Zephir, the HathiTrust bibliographic metadata management system, is managed by CDL’s Discovery & Delivery team. In this advice column, Barbara Cormack, the metadata analyst for Zephir, answers common questions for contributing records to Zephir. While these questions were written by fictitious authors, you are welcome to submit your questions to Zephir (email: zephir-help@ucop.edu).


Dear Zephir,
I’m very interested in the works of Fiona Macleod and was pleased to see so many works by this author in HathiTrust. I was doing some research and found six hits for the title The winged destiny; studies in the spiritual history of the Gael. I thought Zephir was supposed to group or cluster similar records together. Why am I getting so many copies of the same thing in my search results?

   – Lost in L.A.

Dear Lost,
There’s likely more than one explanation for what you report. We’ll start with the most common: there are multiple editions of the work coming up in your search results. The first clue here is the different publication dates listed: 1910, 1911, 1905, etc. In HathiTrust, different publication years are considered different editions and are not clustered together. Similarly, works from different publishers, even if they are the same title, are considered to be different editions and are clustered separately. Now, for your search, you may have spotted that there are two results for this title dated 1911. If you’ve looked at both records using the MARC display feature in HathiTrust, you’ll have seen that both are published by Duffield, in New York. So why are they not clustered together? The answer here lies with the OCLC numbers, an extremely common identifier found in most bibliographic records. These two records that you looked at for the Duffield 1911 publication of The winged destiny have different OCLC numbers. So what is the explanation for this? The most likely one is that two different people at different libraries cataloged this particular title and edition in OCLC - in other words, creating duplicate versions of the record in the vast OCLC bibliographic database. Many libraries, including those who contribute to HathiTrust, use OCLC as a source for their bibliographic records, to download into their own local systems, and from there they export to HathiTrust. This is most probably how the different versions of the 1911 Duffield edition of The winged destiny ended up in HathiTrust: the duplicates were submitted by contributing members.


Dear Zephir,
I was looking for some material on missions in Turkey for my thesis and was thrilled to find this title in the HathiTrust catalog, Leavening the Levant (https://catalog.hathitrust.org/Record/006574475).

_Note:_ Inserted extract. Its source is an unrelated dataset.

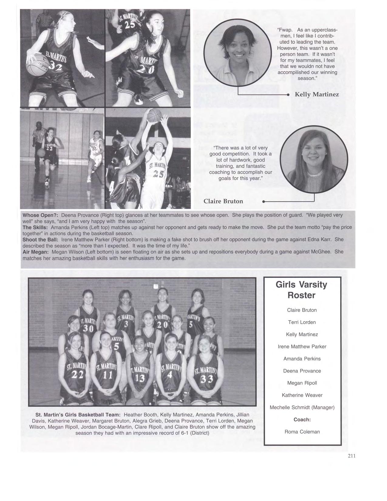 We traveled together with several very talented club volleyball teams; and the "Gibbles' serve" was a " killer" known throughout the south With dedication, competency , and enthusiasm you represented St. Martin ' s on the varsity softball team and junior varsity volleyball team. You were always a team player and , regardless of the circumstances, consistently cheered for your fellow teammates and always brought honor and glory to your team and to your school.

Even more exciting, there were five copies, submitted by four different institutions, and all open to full view. But when I looked at the volume from the Getty Research Institute, it was for a completely different work – something in French, maybe on an art topic? How do you explain this?

    – Suspicious Scholar

Dear Suspicious,
Oh dear, you’ve put your finger on a problem that sometimes crops up in the HathiTrust catalog. Here’s what’s happened. The Zephir system clusters, or groups, records together using OCLC numbers or system ID numbers. Four of the records in this cluster have the OCLC number assigned to the title Leavening the Levant. The fifth record is for the title Nomenclature des gravures sur bois, eaux-fortes et lithographies exécutées à ce jour par J.-E. Laboureur, and it has the unique OCLC number assigned to that particular title. Unfortunately and mysteriously, this bibliographic record also has the OCLC number from the Leavening records; that’s what is causing this French title to be incorrectly clustered with the records for Levant. The Zephir system is simply grouping the records using the commonly-held OCLC number. In best cataloging practices, a metadata record should only have one, primary OCLC number, but for a variety of reasons both historical and unknown, records sometimes have more than one. Zephir does not prevent such records from being ingested; as a result we sometimes have such incorrectly grouped records.